Annual Report planning

How to work with a Graphic Designer on your Annual Report

Better get moving!

It may only be January but those in the know would say it’s already a bit late to start planning your companies annual report. Producing an annual report is a major undertaking… the logistics and coordination involved can be quite overwhelming even if you are prepared.

Plan as soon as you can!

Tip. Tip number one has to be – have a plan! Use a centralised guide to determine the key milestones, dates and responsibilities of each party – guaranteed to save you at least a couple of grey hairs. Get onto this as early as possible. (like the day after you send the previous one to print!)

If you’re an old hand with AR’s you might have a trusty, go to schedule or timeline template ready to go. 

If not, feel free to use my annual report timeline to help guide you through – it’s FREE.

Pick you Annual Report team

Rome wasn’t built in a day – or by a single person.

If you’re leading the project and you have the option to delegate responsibilities – do it. 

Internally you may need to deal with finances, legal, PR and marketing, brand and design, plus numerous levels of leadership. 

Externally you may need to consider engaging project management, graphic designer, copywriting, photography, printing and distribution. Get in as early as you can, the process of sourcing and vetting suppliers, obtaining quotes and securing sign off can take time. 

Your process may differ depending on whether you are a government agency/entity or publicly listed company etc. (there are resources available that cover both).

Create a schedule or time line

The easiest way to do this is to work backwards from the key final date; such as an AGM. From here fill in the blanks – (see the guide). Your designer or project manager will play a key role in setting the pace, timing, and number of reviews. 

Typically your schedule or time line will look like the below, with any number of additions to suit your processes:

  • Time Line Approval
  • Page Plan Supplied
  • Financial Content Supplied
  • Branded Content Supplied
  • Copy Content Supplied
  • 1st Proof Supplied
  • 1st Proof Returned
  • Design Alterations
  • 2nd Proof Supplied
  • 2nd Proof Returned
  • Design Alterations
  • Design and PrePress 
  • Print File Sign Off
  • Final Artwork to Print
  • Hard Copy Proofing
  • Pick-ups Design Alterations
  • Printing
  • Distribution / Mail Out
  • Hard End date  / AGM

Design and production

You’ve no doubt done some research, and you have your company style guide on hand! You may have found some inspiration.  

You should have briefed your designer or studio and it’s over to them to work though the file set up, page layouts and design styles. They will often supply a concept or two in order to get your approval before rolling the design across the full document (add this to your timeline).

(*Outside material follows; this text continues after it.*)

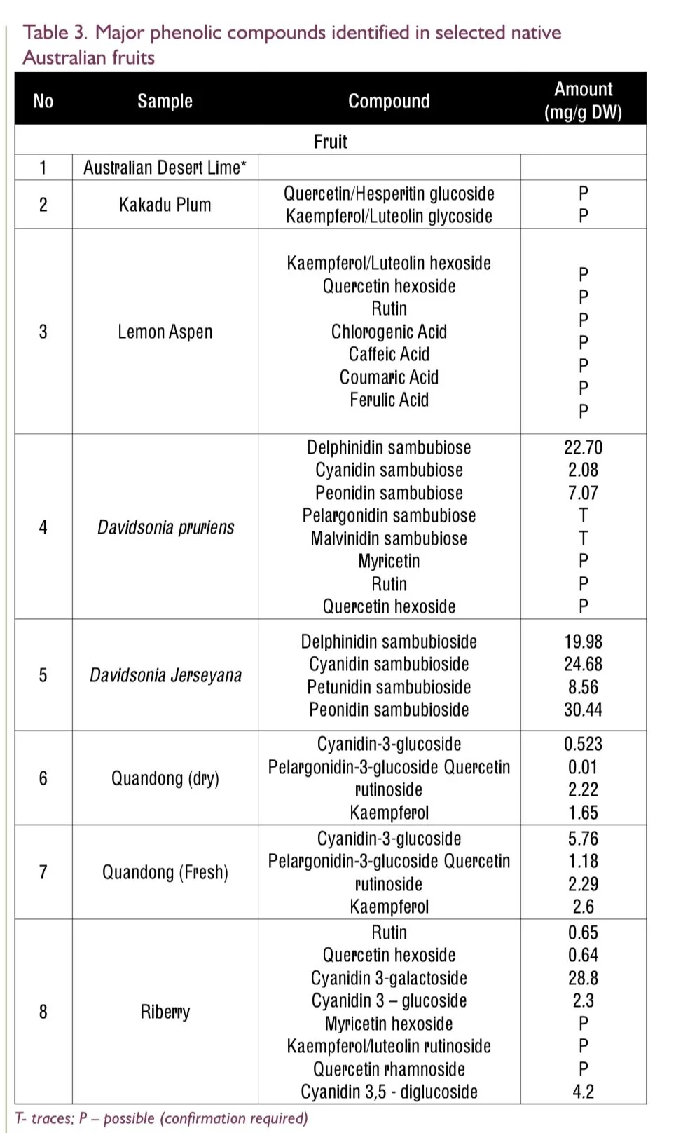 Western fruits are considered a poor source of lipophilic antioxidants (Prior et al. Citation2003).Several studies have reported that in addition to vitamin E, different Australian native plants consist of potent phenolic antioxidants.
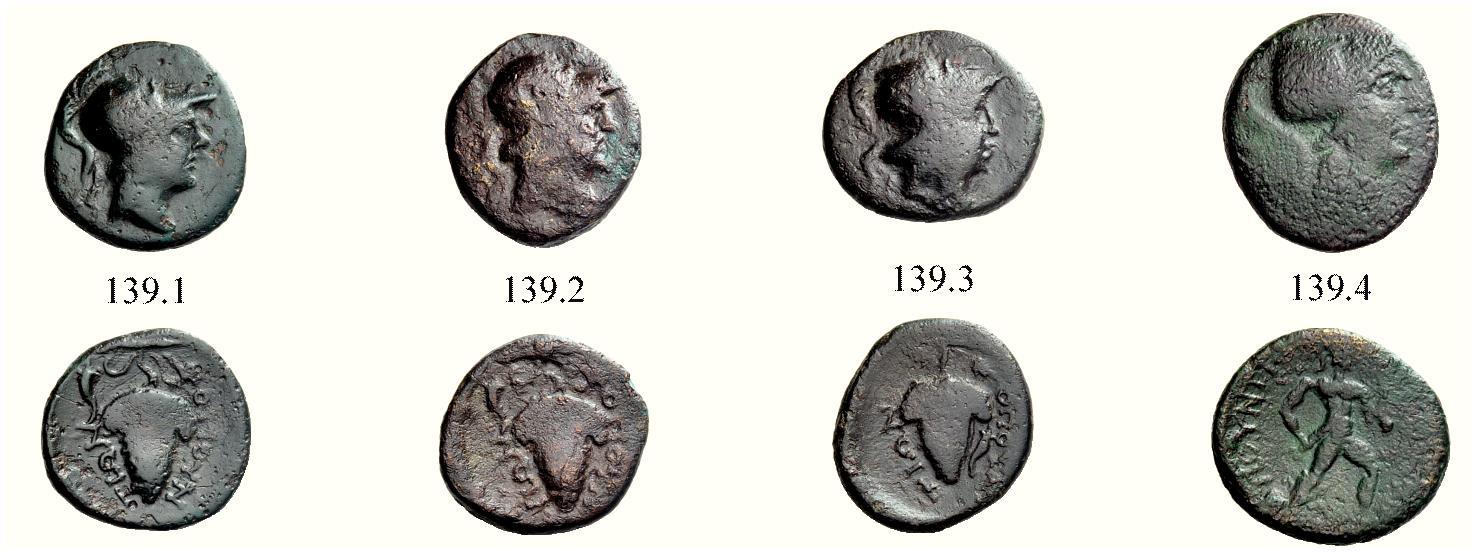 Lokris. Lokri Opuntii. Lot of four bronze coins, 2nd century BC. 139.1: Æ 3.78 g., 3¢. 139.2: Æ 4.45 g., 10¢. 139.3: Æ 4.43 g., 8¢. All with Athena helmeted r. Rev. Bunch of grapes hanging from stalk, to l. and r. tendrils and vine leaves; to l. or to r., symbol cornucopiae. OPOYN r. down, TIWN l. up. 139.4: Æ 5.64 g., 3¢. Athena helmeted r. of different style, in lower relief and on a larger flan. Rev. Naked and helmeted warrior (Ajax) advancing r. with spear and shield, to l. OPOYNTIW[N] up circular. Four very rare coins offered together: 139.1 and 139.2 are two of only four known, 139.3 is the only one known of this variety and 139.4 may also be unique (see note below). Good fine.

If you supplied solid brief, your designer is experienced with corporate documents – and they understand your brand and end goals for the report… let them go! Trust their processes and their ability to translate your brief. The best results come when your organisational knowledge and their communication skills work hand in hand. We all need some external perspective from time to time. An attuned creative lens (especially an external one) will be very different from a marketing lens, objectively taking onboard this perspective could help you spot and refine nuances in tone, terminology and visual story telling that can better align your project to the intended audience.   

The best results come when your organisational knowledge and their communication skills work hand in hand

Proofing and Approvals 

Your supplied content should be approved before it goes to your design team – even so it’s a good idea to have a number of people read and re-read the document proofs that come back to you. When you spend weeks looking at content – errors can happen. Every team has their own methodology, you might be marking up pdfs or using Incopy to tweak your own copy (Hopefully you’re not handwriting edits!).

Tip. Remember that although you may have a proofing and an approvals (senior leadership) team. The communication should be collated and channelled by one person to avoid double dipping, backtracking, and mixing messages about changes. 

Soft and hard printed proofs?

I’d recommend building it into you timeline and asking the printer for a hard copy proof. 

Realistically at this stage – the proof should only be used for checking pagination and back in the day it was a chance to see if any elements had been affected in the transition to print. Mostly it’s a great chance to review in a different context. Reading and viewing on paper rather than on screen often present the work differently and minor problems can be picked up. But remember that the output you see on the proof is not the same as the final document. The stock and the printing method are likely to be different.

From here, it’s plain sailing. You either give the printer approval to print or your designer will make any last edits as required.

Then it’s print, distribute and celebrate – congratulations!

Note on downloads. I alternative between two types of timeline, a simple list version which shows the Action, Responsibility and Date. I also use an Excel spreadsheet version which is a little more complex and time consuming to set up but visually some may prefer this calendar style approach. In practice I tend to use the first version for early stage planning and discussions before locking in dates and building out the Excel version in detail.